Basic First Aid
WOUND MANAGEMENT IN HORSES
Important POINTS to remember to tell the vet:
- Where is the wound.
- What overall condition is the horse in (is it laying down growning or standing happily eating)
- Is the horse lame
- How long ago did the wound occur
- Do you know what caused the wound
- What is your horse usually used for (i.e. is it a performance horse, or a brood mare)
As a general rule… if the wound is fresh and you are seeking veterinary attention, do not put anything onto the wound. Just apply a clean moistened piece of cloth or gauze material, straight onto the wound and then finish with a clean bandage to hold in place. The moistened cloth keeps the wound fresh and viable, while the bandage will temporarily protect the tissue and any important underlying structures.
If the wound requires stitching it is best to seek veterinary attention within 6 to 10 hours of the injuring occurring. This means the tissue will have the greatest chance of healing with sutures in place.
Any wound that you believe may be close to penetrating or affecting a joint (eg knee, fetlock, hock, stifle, pastern), IS an emergency and definitely requires veterinary attention!!!
Wounds that occur to the lower limb in horses are extremely prone to developing excess granulation tissue or proud flesh. This can be managed/helped to be prevented in the following ways:
- After the initial healing period of the wound, and it looks as though tissue has completely filled in the deficit, you can begin to start using certain lotions straight onto the granulation tissue (eg prednoderm cream, yellow lotion) and then a firm pressure bandage applied to the wound. The pressure along with the lotion aids in the prevention of proud flesh.
- If the proud flesh protrudes above the skin’s surface, further veterinary attention will need to be sought. The veterinarian will excise off the excess tissue to an acceptable level and then apply a lotion and a pressure bandage.
- In extreme and/or select cases a veterinarian may find it necessary to apply a distal limb cast to a wound that requires complete stability and or in complicated cases with excessive proud flesh.

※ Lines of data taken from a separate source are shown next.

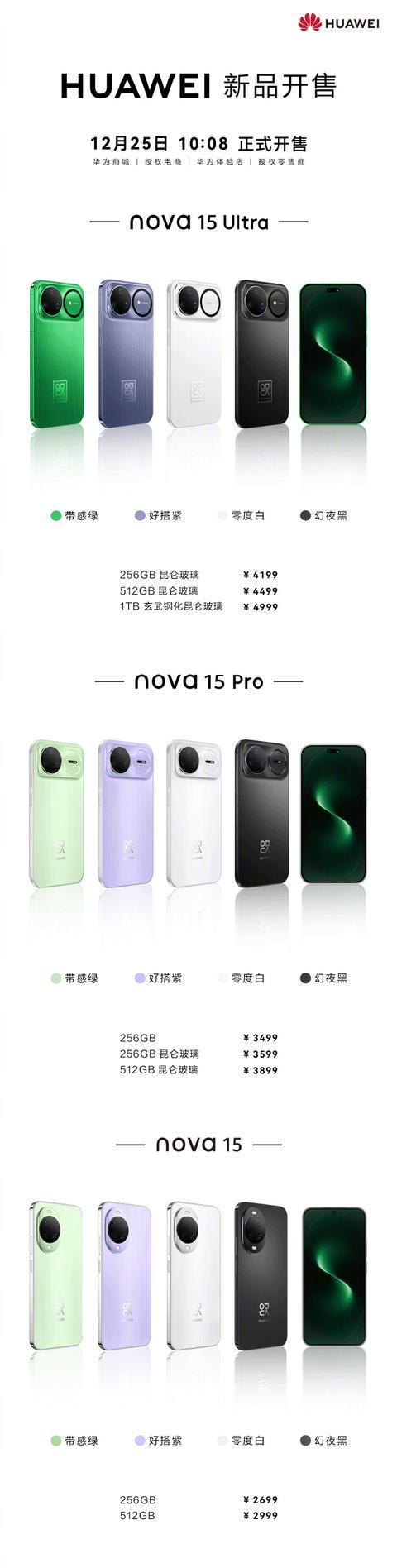 华为nova 15系列正式开售,包括标准版、Pro版和Ultra版,标准版售价2699元起,Pro版售价3499元起,Ultra版售价4199元起,该系列手机拥有出色的拍照性能和强大的处理器性能,同时设计时尚,适合年轻用户群体。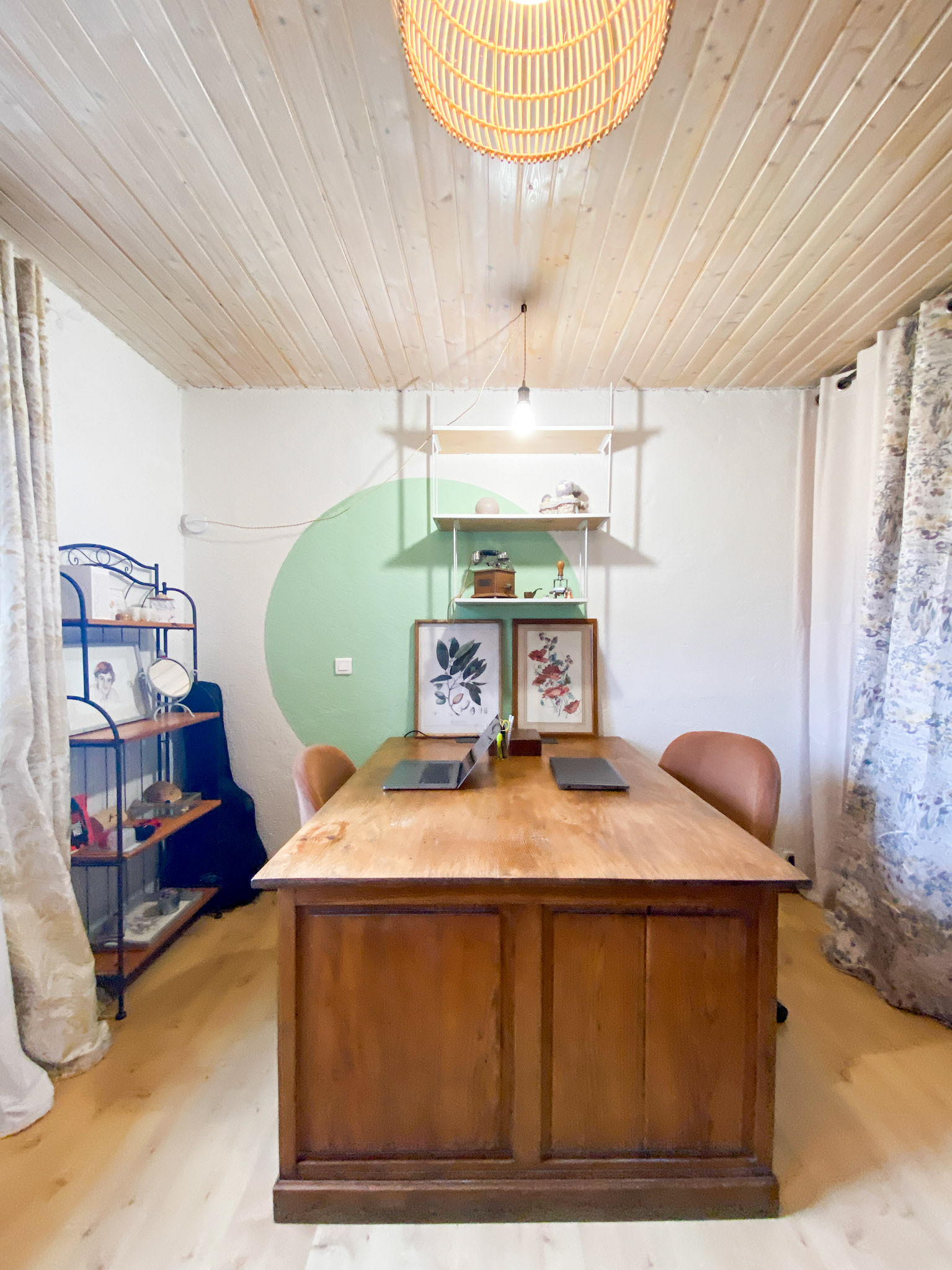Aménagement intérieur d'une maison de campagne pour un séjour et deux pièces de bureaux. S'ouvrir sur la vue et la lumière, créer des ambiances chaleureuses avec des matières naturelles et design d'un bureau d'angle.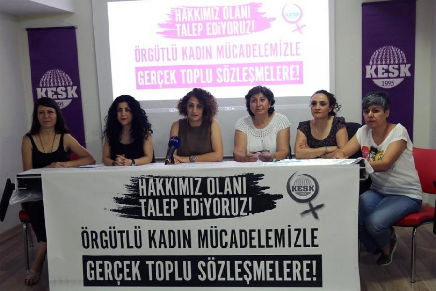 5 milyon kamu emekçisi ve emeklisini ilgilendiren toplu sözleşme görüşmeleri 1 Ağustos’ta başlıyor. KESK, kadınların toplu sözleşme taleplerini açıkladı. “Hakkımız olanı istiyoruz” diyen KESK Kadın Sekreteri Gülistan Atasoy, kadın taleplerinin ayrı bir başlıkta ve gündemle ele alınmasını ve kadın temsiliyetinin masaya yansımasını istedi. Kreş talebinde ısrarcı olduklarının altını çizen Atasoy’un paylaştığı talepler arasında, kadınlara doğum öncesi 8 hafta, doğum sonrası 24 hafta olmak üzere en az 32 hafta ücretli doğum izni verilmesi, doğum sonrası ücretli-ücretsiz izin, süt izni kullananların sosyal ve özlük hak kaybı yaşamaması, işyerlerinde kadına yönelik şiddete, mobbinge, ayrımcılığa karşı mekanizmalar oluşturulması yer alıyor.
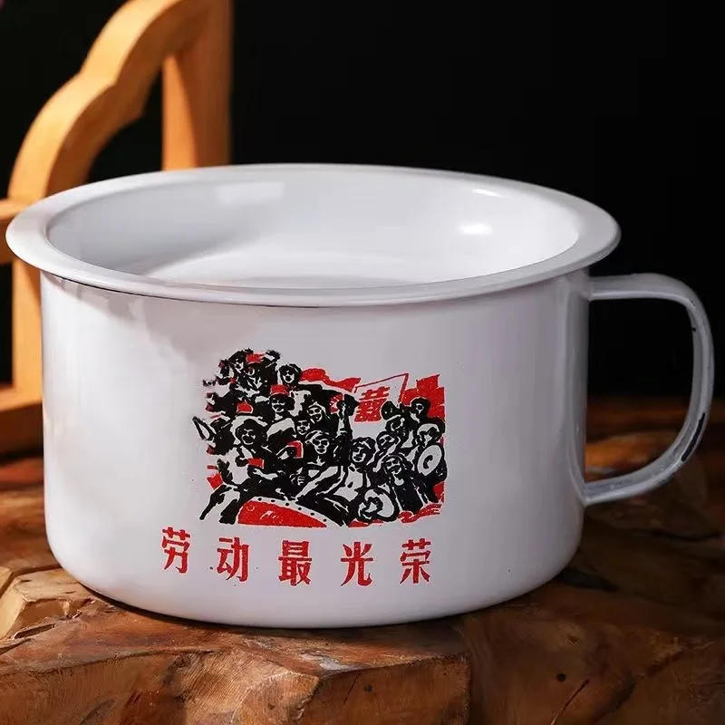 Chinese Enamel Instant Noodle Bowl with Lid, Large Size, Nostalgic Single Lunch Box, Household Rice Bowl, 1300ml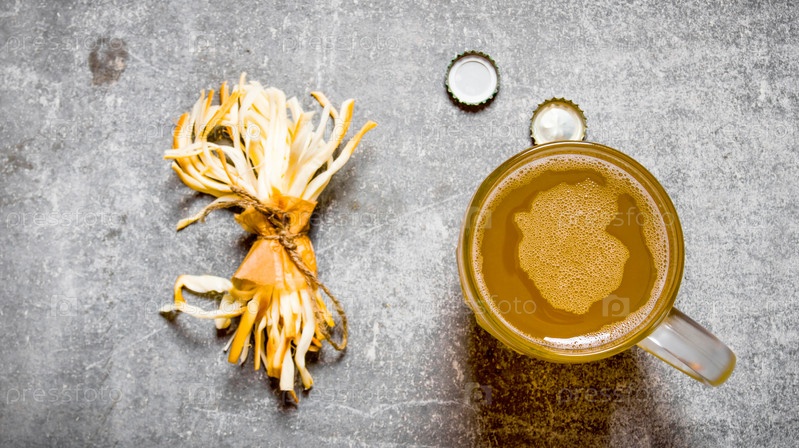 Стакан пива и косичка соленого сыра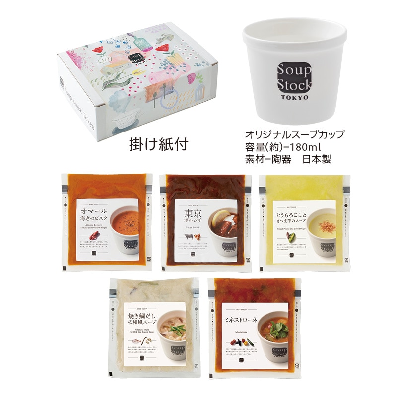●商品内容/オマール海老のビスク・東京ボルシチ・焼き鯛だしの和風スープ・ミネストローネ・とうもろこしとさつま芋のスープ 各180g、スープストックトーキョーオリジナルスープカップ(1個)付 容量(約)=180ml 素材=陶器 日本製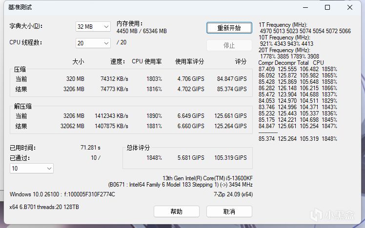 默频测试:压缩得分85GIPS,解压缩得分125GIPS,总得分105GIPS。
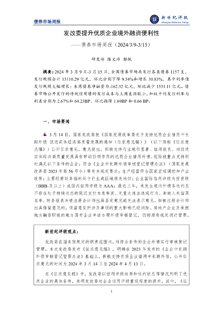 新世纪评级:发改委提升优质企业境外融资便利性——债券市场周报(2024/3/9-3/15).pdf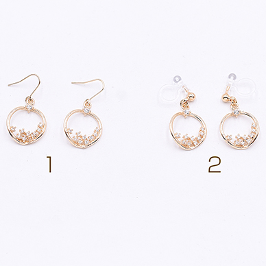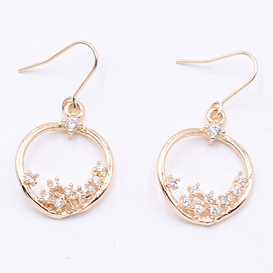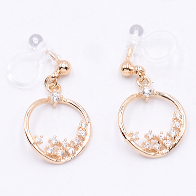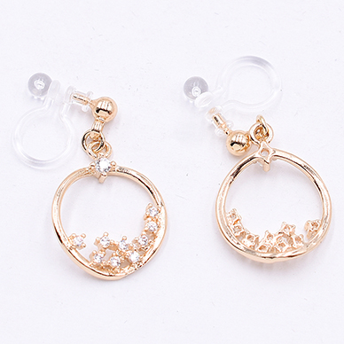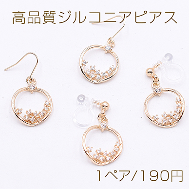 高品質ジルコニアピアス/イヤリング 不規則サークルチャーム ゴールド/クリスタル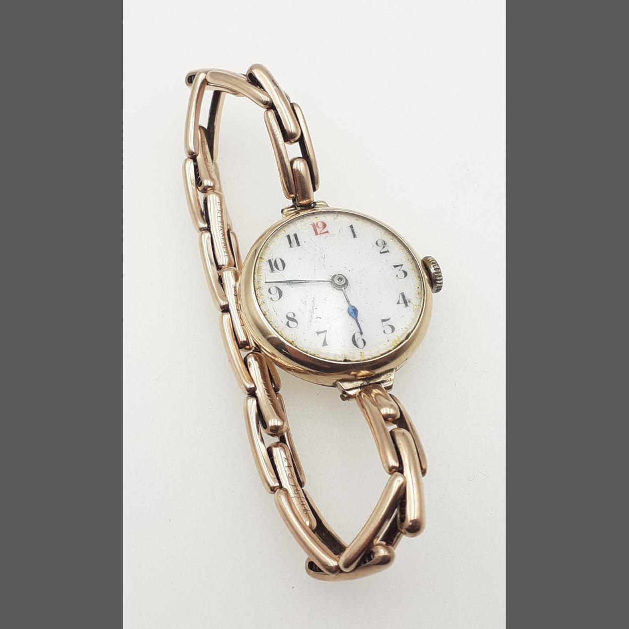 A 375 stamped ladies watch with rolled gold strap. Gross weight 23g approx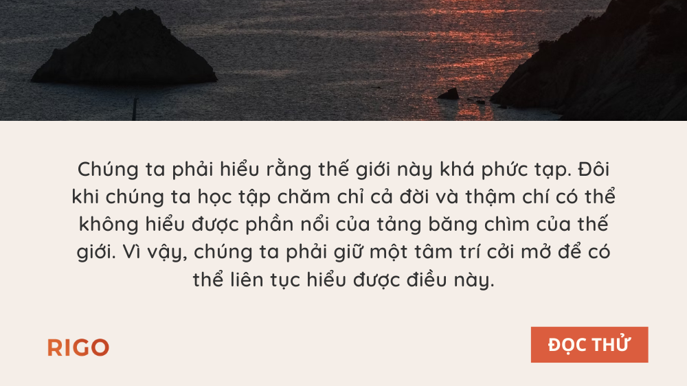 Chúng ta phải hiểu rằng thế giới này khá phức tạp. Đôi khi chúng ta học tập chăm chỉ cả đời và thậm chí có thể không hiểu được phần nổi của tảng băng chìm của thế giới. Vì vậy, chúng ta phải giữ một tâm trí cởi mở để có thể liên tục hiểu được điều này.

Routinely all horses that suffer a wound injury will require a tetanus booster and antitoxin (2 shots – Tetanus Antitoxin (TAT) and Toxoid (TT)), and a course of penicillin. With severe wounds/injuries, further or different antibiotics may be required.
POST SURGERY WOUND AND HORSE CARE
Dear Horse Owner,
Your horse may have had a procedure that involves internal and skin sutures during surgery and therefore needs care for sometime after the event .A drain may have been inserted to help remove hair , dirt and puss from wound . Unfortunately Horse’s do not always understand that they must rest so we need you to assist us with Horse ’s recovery.
When you pick your horse up from our hospital he/she may be a little drowsy. This is quite normal following an anaesthetic and surgery. As long as your horse is standing and walking normally travel is OK- usually 4 to 5 hours post surgery.
Please ensure all antibiotics and anti inflammatory are used as per instructions – failure to complete course will encourage drug resistance and may cause failure of healing .
Pressure bandaging of legs helps control bleeding initially and proud flesh subsequently as well as keeping wound clean .Severe leg wounds may need dressing for at least 6 weeks .
What to do
Keep Horse in a quiet, warm place . Paddock activity may result in break down of sutures or slow wound healing – keep confined as per instructions .
Change dressing every day for first 4 to 5 days , important to hose wound clean , reapply ointment (dermaclean or yellow lotion )and use 2 to3 layers of combine dressing then apply bandage firmly to leg ( Ointment will keep wound moist , encourage growth of new skin cells ,destroy necrotic and proud flesh cells , firm bandage will reduce proud flesh ).Important to bandage all the way to pastern to prevent swelling below wound when firm pressure bandage is used.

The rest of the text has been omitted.